As far as his proven interventions, SBF told NPR that “we have a responsibility to seriously consider stepping in, even if it is at a loss to ourselves, to stem contagion. Even if we weren’t the ones who caused it, or weren’t involved in it … I want to do what can help [the crypto sector] grow and thrive.” However, a less noble quote from earlier in the NPR report may signal SBF’s true motivation. “People with money are scared.”

Those scared people likely include SBF, whose exchange has made billions pumping shitcoins and offering leverage trades as high as 100x (before abruptly capping this at 20x last summer to avoid further regulatory scrutiny). In other words, SBF has been preying on the same get-rich-quick desires that somehow convinced legions of suckers that crypto lending platforms could legitimately offer 20% annual returns.

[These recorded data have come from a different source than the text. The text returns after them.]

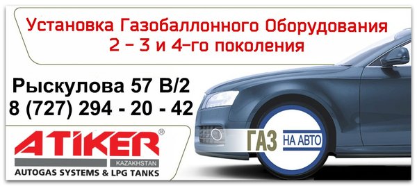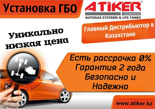 Мы знаем как спасти Ваш кошелек! ATIKER предлагает реальную экономию и окупаемость ваших затрат! Установка Газобаллонного Оборудования значительно снизит Ваши расходы на топливо! Выгодные условия кредитования и РАССРОЧКИ через Банк Home Credit и Евразийский Банк! Рассрочка до 3- месяцев! Без первоначального взноса! Телефоны: ; ; ; . Адрес: 1) Рыскулова 57 В/2 (Головной офис). 2) Хан Шатыр 287 (пересечение Рыскулова — Момышулы. Вторая точка)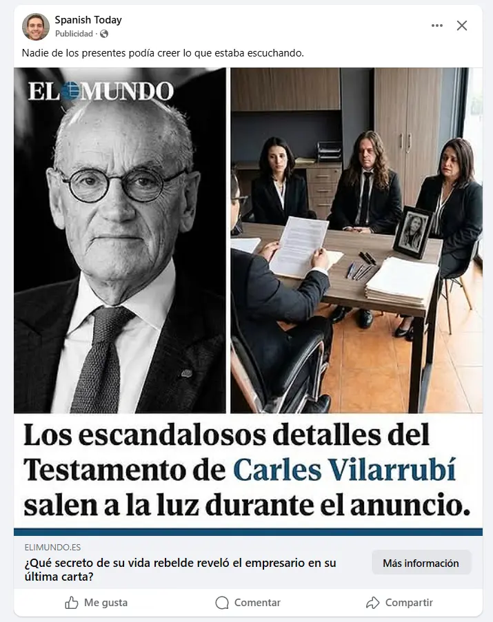 El mecanismo de esta estafa de plataformas de inversión con famosos es tan sencillo como eficaz. Los estafadores contratan publicidad en Meta —principalmente en Facebook— y la segmentan con precisión quirúrgica. El anuncio te lleva a una web que imita casi a la perfección la de un medio digital real. Tipografía, estructura, fotografías, comentarios simulados… todo está pensado para que no dudes.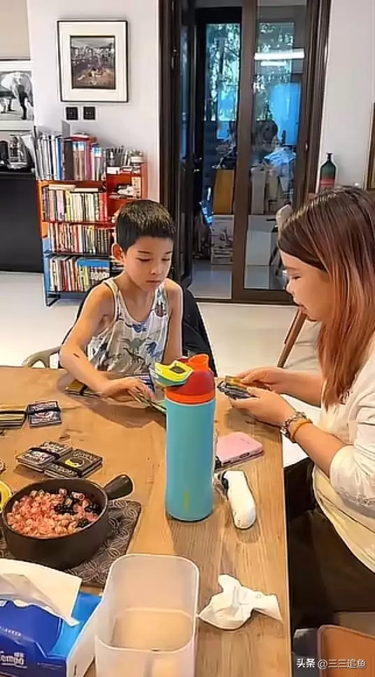 梅婷家里有非常多艺术画作,还有很多书架,室内装修简约干净,色彩搭配很舒服。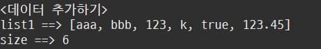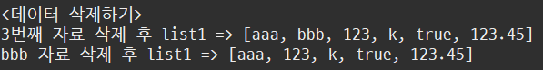 System.out.println("bbb 자료 삭제 후 list1 => " + list1);
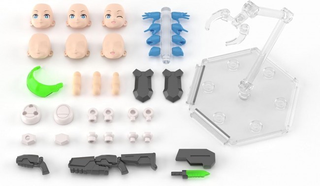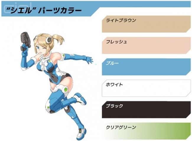 ハセガワ美少女プラモデルプロジェクト始動! [完全新金型] 1/12スケール(全高150mm)プラモデル開発進行中! プロポーションと可動域に拘ったオリジナルボディ! 【A.S.G ガールズ EMO-X0024 “シエル”】 〇接着剤不要 〇色分け済み、塗装不要 〇スタンド付属 〇武器パーツ付属 : 「シエル」銃、ホルスター、ナイフ、盾、他 ・カラーパーツにより色分け再現を徹底! ・印刷済みフェイスパーツが付属 ・各部に3mm軸用アタッチメントパーツを用意! ・直径の異なる首ジョイントパーツを用意 ・展示用スタンド付属!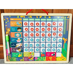 - 1 bộ gồm: 1 bảng có dây treo, 1 bút viết bảng, sticker và thẻ dán hoạt động thường ngày.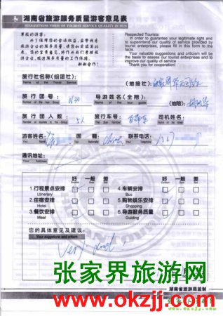 2010年7月4號(hào)許先生一行5位旅游質(zhì)量反饋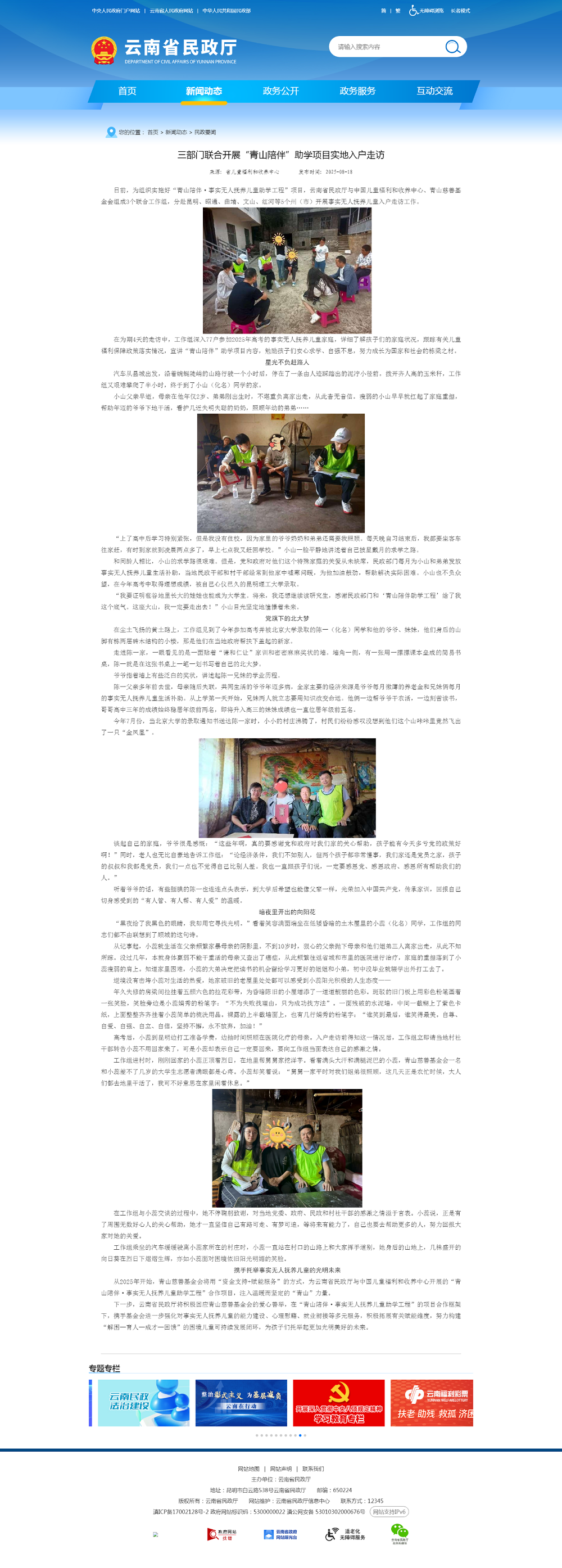 媒体看PA旗舰厅丨云南省民政厅官网报道“PA旗舰厅陪伴助学项目”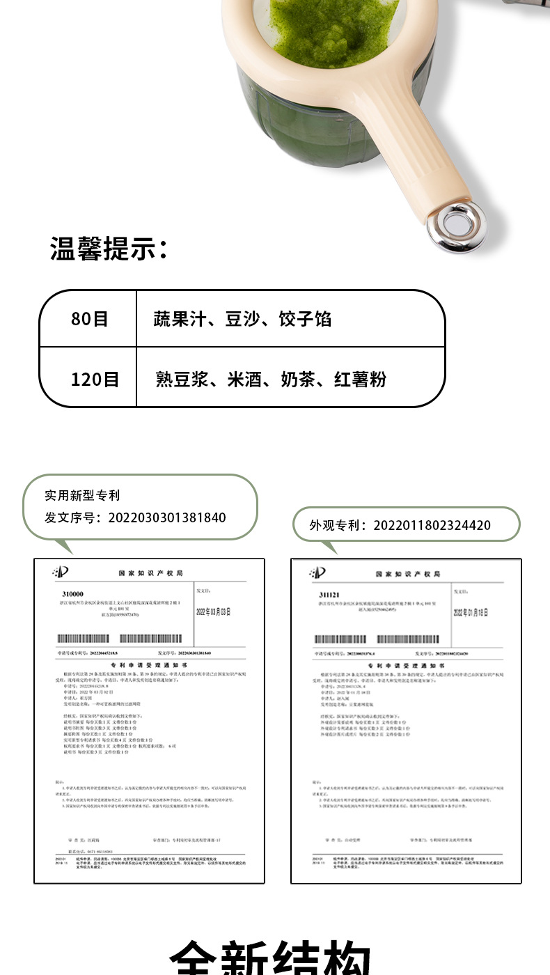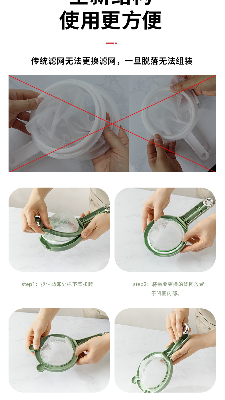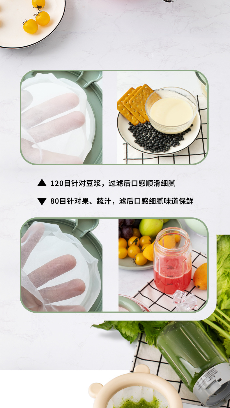 材质: PP+涤纶网+UV电镀 自带120目豆浆过滤网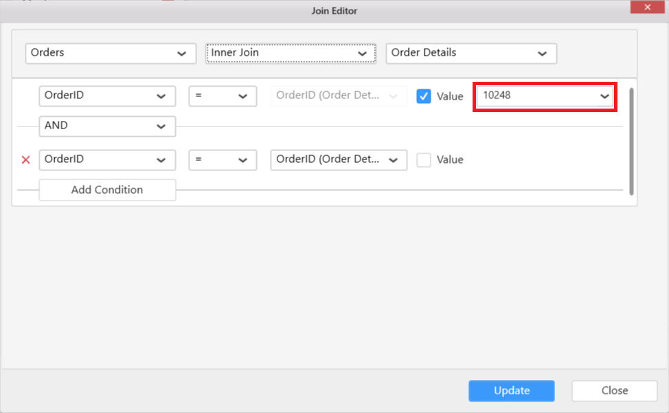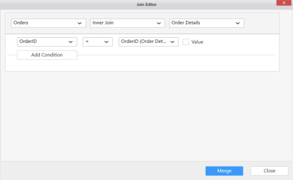 Click Close to close the join editor.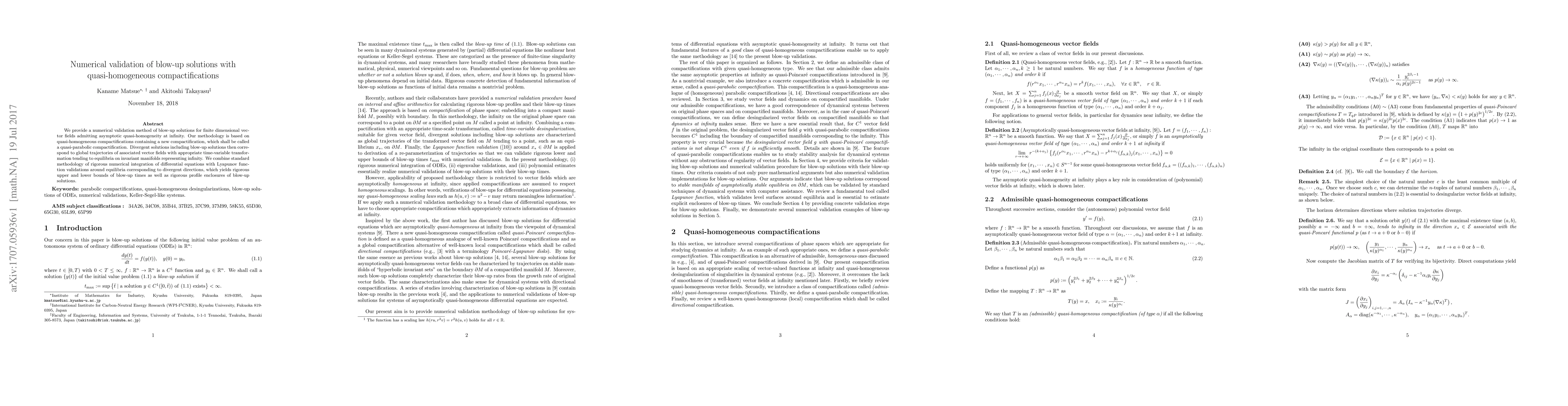 This paper proposes a numerical validation method for blow-up solutions in finite-dimensional vector fields with asymptotic quasi-homogeneity. It utilizes a novel quasi-parabolic compactification and combines rigorous numerical integration with Lyapunov function validations to provide rigorous bounds on blow-up times and profiles.

SBF also publicly admitted that DeFi was essentially a Ponzi scheme yet saw no contradiction between that admission and FTX’s willingness to list the tokens that fueled these DeFi platforms. There’s also the fact that Alameda is one of the largest recipients of the scam stablecoin Tether, without which the past two BTC bubbles would never have occurred.

SBF has long proclaimed that he’s a devotee of ‘effective altruism,’ whose practitioners need to get stupidly rich before unleashing their wealth in a manner that effects true change. But despite SBF’s wealth already being measured in the double-digit billions, that magical day when he sheds his capitalist skin and reveals his true altruistic form remains a mirage on the horizon.

It’s almost as if an altruistic Sean Parker type sat SBF down one day and said: ‘A billion dollars isn’t cool. You know what’s cool? A trillion dollars.’ SBF’s not there yet, so it wouldn’t be prudent to swap his black hat for a white one. In the meantime, don’t question SBF’s motives for propping up the Crypto Crime Cartel, because he’s doing it for the kids.

We’ll close on the truly rich note that since SBF hasn’t seen fit to intervene, the fate of Celsius may lie with none other than Goldman Sachs. The Wall Street titan is reportedly looking to raise up to $2 billion to acquire the troubled lenders’ assets—what assets, we hear you cry—in the event of a bankruptcy filing.

Remember the headline that Satoshi inscribed in Bitcoin’s Genesis block? Something about yet another bailout for some financial institutions—like Goldman Sachs—that got themselves in a mess of trouble by gambling recklessly with their customers’ funds? When the entities that you so brutally mocked are now the ones hauling your ass out of the fire, it’s time to pack it in, crypto kiddies.